Extending pore network models to include electrical double layer effects in micropores for studying capacitive deionization

Abstract

Capacitive Deionization (CDI) is an electro-driven water desalination device. It consists of oppositely charged porous electrodes on either side of a dielectric spacer. The electrodes may be either capacitive or pseudocapacitive electrodes. Capacitive electrodes work by storing ions in the Electrical Double Layers (EDLs) of micropores. To model the uptake of ions into EDLs, transport equations are coupled with appropriate EDL structure model. Previous research has shown that pore structure effects CDI performance. A Pore Network Model (PNM) is a unique tool capable of measuring the effects of pore structure.

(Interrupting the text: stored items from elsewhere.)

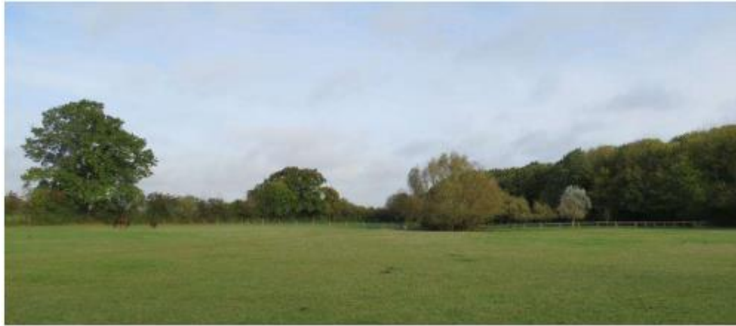
View of the paddock looking north
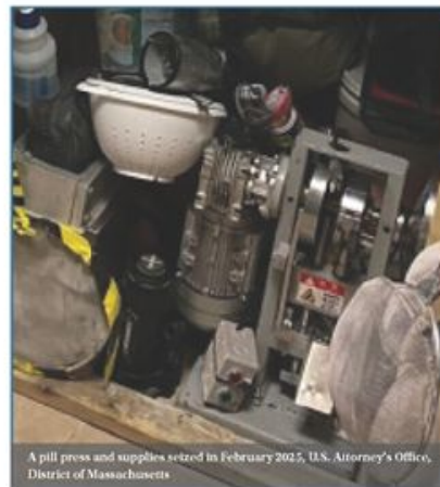
A pill press and supplies seized in February 2025

Follow our open source news feed of ongoing pill press news.
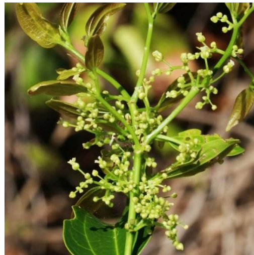
Flowers in small axillary clusters
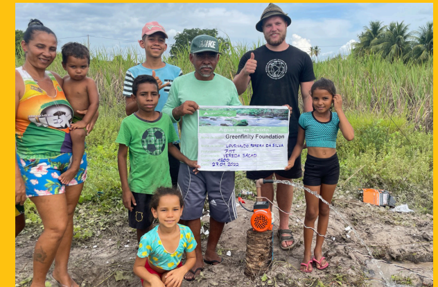
Brazil New wells for Bahia
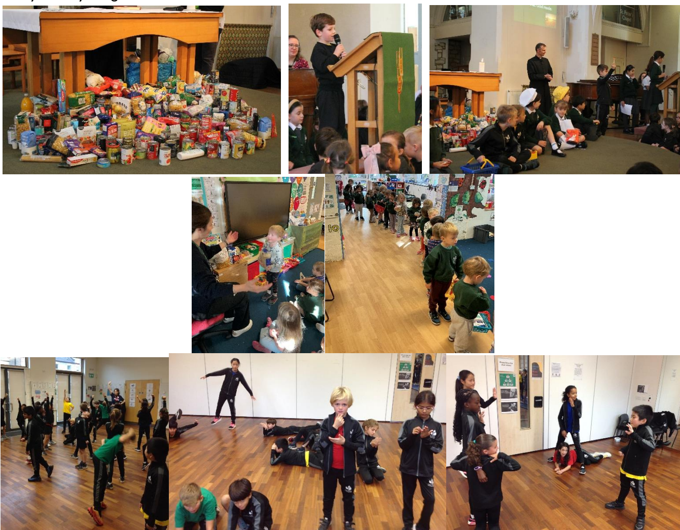
The whole school participated in workshops this week to celebrate Black History.

Thank you for your generous donations of items which will be delivered to the Wimbledon foodbank.
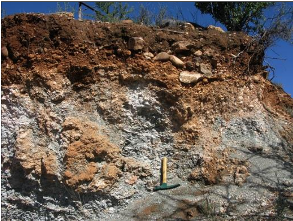
Fig. 5. Detail of upper, pervasively calcretised Dwyka Group sediments, overlying reddish-brown gravels and brown surface soils (Loc. 494) (Hammer = 27 cm.).
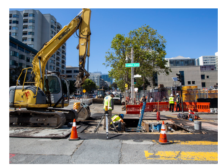
Van Ness Improvement Project: construction activity

The SFPUC partners with SFMTA and SFPW to "dig once" where feasible to reduce impacts to the community and deliver projects more efficiently. These interdepartmental projects include the Van Ness Improvement Project, Geary Rapid Transit Program, L Taraval Improvement Project and the Better Market Street Improvement Projects to upgrade aging sewer infrastructure while the City performs above ground surface and transit improvements. The partnership ensures maximization of City resources and minimization of disruption to the communities we serve.

To the best of the author's knowledge, there is no pore network model of CDI or any PNM in general which applies EDL theory. It is in this work that discretized PDEs are derived for modelling the capacitive storage of ions in a pore network using EDL theory. The EDL theories studied were: Helmholtz, Gouy-Chapman-Stern and modified Donnan. Results from the PNM framework were compared to finite element solver results, and it was found that the error in concentration and potential never exceeded 10% or 15% respectively. Lastly, the new pore network framework was used to accurately predict salt content in effluent of a stop flow CDI cell found in literature.